• [WHAT NEEDS TO BE DONE]
For the material below, return exactly the lines starting at the line containing "Lits jumeaux (peuvent" and ending at the line containing "8月13日上午,我区召开优化", both ends included, and no others.

• [DATASET CONTENT]
= Beginning of Section =

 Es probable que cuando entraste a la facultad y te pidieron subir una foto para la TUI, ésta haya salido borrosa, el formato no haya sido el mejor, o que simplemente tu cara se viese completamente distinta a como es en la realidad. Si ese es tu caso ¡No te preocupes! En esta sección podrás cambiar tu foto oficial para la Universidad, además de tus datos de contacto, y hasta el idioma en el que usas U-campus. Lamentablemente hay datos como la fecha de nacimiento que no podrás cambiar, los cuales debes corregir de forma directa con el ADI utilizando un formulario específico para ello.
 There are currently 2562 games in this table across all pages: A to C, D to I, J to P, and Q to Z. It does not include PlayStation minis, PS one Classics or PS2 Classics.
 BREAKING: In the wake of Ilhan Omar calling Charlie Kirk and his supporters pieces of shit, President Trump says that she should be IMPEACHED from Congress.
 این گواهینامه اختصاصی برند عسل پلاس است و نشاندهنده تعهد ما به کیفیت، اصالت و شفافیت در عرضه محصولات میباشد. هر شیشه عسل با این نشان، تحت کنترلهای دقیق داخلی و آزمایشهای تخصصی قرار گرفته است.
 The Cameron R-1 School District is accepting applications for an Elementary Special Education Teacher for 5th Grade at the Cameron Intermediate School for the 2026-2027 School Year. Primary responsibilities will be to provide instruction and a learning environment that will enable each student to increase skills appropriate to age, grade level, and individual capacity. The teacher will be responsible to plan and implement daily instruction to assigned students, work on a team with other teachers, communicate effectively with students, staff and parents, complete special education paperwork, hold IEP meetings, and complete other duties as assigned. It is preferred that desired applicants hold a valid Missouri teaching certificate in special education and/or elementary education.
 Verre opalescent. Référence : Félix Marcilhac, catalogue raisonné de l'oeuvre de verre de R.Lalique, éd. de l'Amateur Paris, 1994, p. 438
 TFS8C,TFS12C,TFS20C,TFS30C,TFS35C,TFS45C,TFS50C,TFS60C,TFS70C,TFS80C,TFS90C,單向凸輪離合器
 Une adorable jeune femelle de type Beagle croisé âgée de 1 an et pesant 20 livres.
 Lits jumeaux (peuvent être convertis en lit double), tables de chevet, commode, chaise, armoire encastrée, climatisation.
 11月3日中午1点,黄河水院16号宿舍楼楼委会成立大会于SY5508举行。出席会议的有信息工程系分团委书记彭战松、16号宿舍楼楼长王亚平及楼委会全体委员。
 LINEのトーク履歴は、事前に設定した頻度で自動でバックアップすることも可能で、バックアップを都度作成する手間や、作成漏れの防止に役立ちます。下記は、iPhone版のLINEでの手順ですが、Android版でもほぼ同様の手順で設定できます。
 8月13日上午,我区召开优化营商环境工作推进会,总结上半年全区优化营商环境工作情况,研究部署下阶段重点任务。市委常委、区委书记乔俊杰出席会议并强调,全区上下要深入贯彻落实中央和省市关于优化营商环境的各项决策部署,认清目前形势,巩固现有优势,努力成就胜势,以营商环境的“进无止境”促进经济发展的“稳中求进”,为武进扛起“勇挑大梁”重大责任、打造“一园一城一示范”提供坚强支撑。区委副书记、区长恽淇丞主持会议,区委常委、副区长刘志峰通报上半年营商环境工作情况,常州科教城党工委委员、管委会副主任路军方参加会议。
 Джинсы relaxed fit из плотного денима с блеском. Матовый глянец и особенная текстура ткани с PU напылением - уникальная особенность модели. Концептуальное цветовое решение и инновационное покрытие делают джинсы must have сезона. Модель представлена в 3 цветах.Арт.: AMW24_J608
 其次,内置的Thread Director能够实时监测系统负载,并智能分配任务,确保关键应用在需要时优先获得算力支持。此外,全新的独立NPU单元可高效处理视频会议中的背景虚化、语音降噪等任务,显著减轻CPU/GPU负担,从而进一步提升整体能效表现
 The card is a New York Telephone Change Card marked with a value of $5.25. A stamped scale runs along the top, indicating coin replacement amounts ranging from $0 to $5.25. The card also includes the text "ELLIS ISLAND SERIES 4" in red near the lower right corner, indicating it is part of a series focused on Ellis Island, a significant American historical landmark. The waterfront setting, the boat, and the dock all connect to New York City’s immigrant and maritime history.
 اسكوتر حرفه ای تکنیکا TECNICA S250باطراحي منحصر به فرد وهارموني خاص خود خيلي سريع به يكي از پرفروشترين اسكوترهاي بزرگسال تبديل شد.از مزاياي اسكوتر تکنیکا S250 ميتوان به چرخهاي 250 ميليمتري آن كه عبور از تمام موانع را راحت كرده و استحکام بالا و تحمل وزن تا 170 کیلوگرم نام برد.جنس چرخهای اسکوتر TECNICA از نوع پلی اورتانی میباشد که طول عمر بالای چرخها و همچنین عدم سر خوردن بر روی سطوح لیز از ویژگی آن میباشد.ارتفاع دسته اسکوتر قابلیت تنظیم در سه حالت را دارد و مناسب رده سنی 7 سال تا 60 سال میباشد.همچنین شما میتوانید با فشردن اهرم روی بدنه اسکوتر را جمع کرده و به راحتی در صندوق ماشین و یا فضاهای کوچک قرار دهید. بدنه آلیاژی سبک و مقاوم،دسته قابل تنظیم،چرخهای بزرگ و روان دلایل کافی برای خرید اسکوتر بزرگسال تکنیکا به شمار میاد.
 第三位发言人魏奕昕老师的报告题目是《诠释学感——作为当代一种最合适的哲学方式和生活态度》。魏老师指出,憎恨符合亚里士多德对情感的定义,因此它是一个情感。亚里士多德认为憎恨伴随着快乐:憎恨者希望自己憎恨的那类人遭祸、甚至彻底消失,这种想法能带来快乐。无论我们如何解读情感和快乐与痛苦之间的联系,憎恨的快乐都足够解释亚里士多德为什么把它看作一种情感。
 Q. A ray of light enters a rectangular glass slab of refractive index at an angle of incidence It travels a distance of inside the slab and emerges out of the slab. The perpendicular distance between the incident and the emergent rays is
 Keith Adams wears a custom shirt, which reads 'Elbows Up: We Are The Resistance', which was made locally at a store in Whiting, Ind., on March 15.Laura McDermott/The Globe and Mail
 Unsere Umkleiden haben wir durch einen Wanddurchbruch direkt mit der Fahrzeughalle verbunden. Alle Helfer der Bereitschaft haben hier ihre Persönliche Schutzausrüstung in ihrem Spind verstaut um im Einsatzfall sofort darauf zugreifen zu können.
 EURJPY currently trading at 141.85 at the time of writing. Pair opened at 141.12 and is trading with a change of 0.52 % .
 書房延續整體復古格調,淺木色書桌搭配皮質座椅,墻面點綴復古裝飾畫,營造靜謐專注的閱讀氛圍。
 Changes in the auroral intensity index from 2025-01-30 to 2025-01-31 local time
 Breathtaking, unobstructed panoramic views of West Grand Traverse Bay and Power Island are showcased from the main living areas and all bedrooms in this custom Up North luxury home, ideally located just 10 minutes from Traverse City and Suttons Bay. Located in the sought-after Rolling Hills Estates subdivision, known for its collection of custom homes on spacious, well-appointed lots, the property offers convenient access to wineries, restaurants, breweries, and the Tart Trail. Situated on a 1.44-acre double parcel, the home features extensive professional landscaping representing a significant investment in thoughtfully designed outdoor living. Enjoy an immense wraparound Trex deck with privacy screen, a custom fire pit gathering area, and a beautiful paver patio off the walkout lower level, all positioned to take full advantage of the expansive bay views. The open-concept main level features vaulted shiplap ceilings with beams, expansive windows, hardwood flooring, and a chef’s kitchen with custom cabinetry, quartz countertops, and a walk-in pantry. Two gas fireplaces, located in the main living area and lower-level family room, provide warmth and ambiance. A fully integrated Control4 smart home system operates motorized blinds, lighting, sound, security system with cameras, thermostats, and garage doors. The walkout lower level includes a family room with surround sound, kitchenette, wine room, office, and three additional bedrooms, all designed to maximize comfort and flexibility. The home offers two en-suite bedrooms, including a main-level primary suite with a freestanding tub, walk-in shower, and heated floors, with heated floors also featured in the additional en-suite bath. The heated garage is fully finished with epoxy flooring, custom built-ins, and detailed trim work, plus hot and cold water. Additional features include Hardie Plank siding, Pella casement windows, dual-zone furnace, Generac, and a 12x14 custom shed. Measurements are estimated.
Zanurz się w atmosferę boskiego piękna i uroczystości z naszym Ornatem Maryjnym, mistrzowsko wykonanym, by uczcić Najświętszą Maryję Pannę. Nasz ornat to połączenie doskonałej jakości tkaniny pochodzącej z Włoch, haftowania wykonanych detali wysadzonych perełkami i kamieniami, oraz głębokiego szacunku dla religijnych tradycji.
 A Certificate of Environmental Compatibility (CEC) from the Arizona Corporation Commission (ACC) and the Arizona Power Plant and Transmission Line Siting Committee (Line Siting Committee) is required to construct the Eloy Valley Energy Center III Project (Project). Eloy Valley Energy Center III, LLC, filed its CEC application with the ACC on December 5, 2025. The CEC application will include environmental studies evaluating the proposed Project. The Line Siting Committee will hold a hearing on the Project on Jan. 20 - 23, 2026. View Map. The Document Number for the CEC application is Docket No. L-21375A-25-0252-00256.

= End of Section =

• [EXERCISE ANSWER]
 Lits jumeaux (peuvent être convertis en lit double), tables de chevet, commode, chaise, armoire encastrée, climatisation.
 11月3日中午1点,黄河水院16号宿舍楼楼委会成立大会于SY5508举行。出席会议的有信息工程系分团委书记彭战松、16号宿舍楼楼长王亚平及楼委会全体委员。
 LINEのトーク履歴は、事前に設定した頻度で自動でバックアップすることも可能で、バックアップを都度作成する手間や、作成漏れの防止に役立ちます。下記は、iPhone版のLINEでの手順ですが、Android版でもほぼ同様の手順で設定できます。
 8月13日上午,我区召开优化营商环境工作推进会,总结上半年全区优化营商环境工作情况,研究部署下阶段重点任务。市委常委、区委书记乔俊杰出席会议并强调,全区上下要深入贯彻落实中央和省市关于优化营商环境的各项决策部署,认清目前形势,巩固现有优势,努力成就胜势,以营商环境的“进无止境”促进经济发展的“稳中求进”,为武进扛起“勇挑大梁”重大责任、打造“一园一城一示范”提供坚强支撑。区委副书记、区长恽淇丞主持会议,区委常委、副区长刘志峰通报上半年营商环境工作情况,常州科教城党工委委员、管委会副主任路军方参加会议。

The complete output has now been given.